§ **BRIEF**: There are pictures in the records below; leave them out and set down exactly the lines from the one holding "Chúng tôi hỏi" through the one holding "GB FR AR BG".

§ **INFORMATION GIVEN**:
------------------------------------------------------------------------
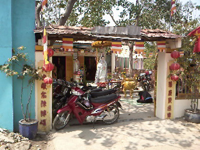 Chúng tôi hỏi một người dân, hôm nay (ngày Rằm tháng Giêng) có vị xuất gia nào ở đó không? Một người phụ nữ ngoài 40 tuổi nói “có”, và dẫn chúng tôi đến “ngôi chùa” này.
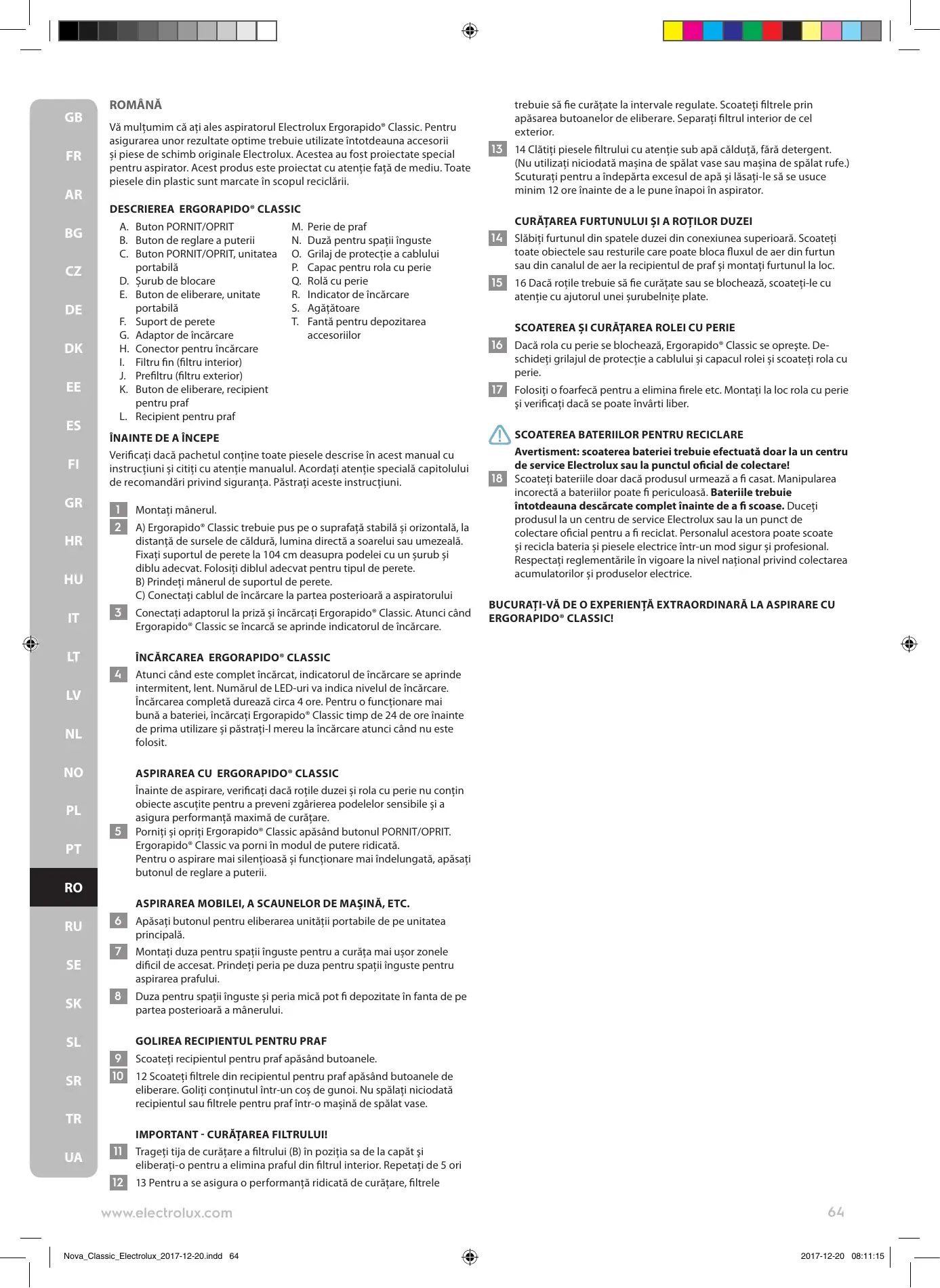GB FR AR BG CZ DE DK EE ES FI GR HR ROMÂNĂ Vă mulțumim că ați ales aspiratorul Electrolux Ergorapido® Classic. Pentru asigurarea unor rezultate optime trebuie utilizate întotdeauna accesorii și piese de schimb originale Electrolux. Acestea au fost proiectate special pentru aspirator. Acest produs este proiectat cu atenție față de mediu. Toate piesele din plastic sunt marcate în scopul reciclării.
------------------------------------------------------------------------
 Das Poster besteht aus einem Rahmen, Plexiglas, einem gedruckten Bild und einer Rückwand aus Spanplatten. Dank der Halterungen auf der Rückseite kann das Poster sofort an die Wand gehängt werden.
------------------------------------------------------------------------
§ **REPLY**:
 Chúng tôi hỏi một người dân, hôm nay (ngày Rằm tháng Giêng) có vị xuất gia nào ở đó không? Một người phụ nữ ngoài 40 tuổi nói “có”, và dẫn chúng tôi đến “ngôi chùa” này.
GB FR AR BG CZ DE DK EE ES FI GR HR ROMÂNĂ Vă mulțumim că ați ales aspiratorul Electrolux Ergorapido® Classic. Pentru asigurarea unor rezultate optime trebuie utilizate întotdeauna accesorii și piese de schimb originale Electrolux. Acestea au fost proiectate special pentru aspirator. Acest produs este proiectat cu atenție față de mediu. Toate piesele din plastic sunt marcate în scopul reciclării.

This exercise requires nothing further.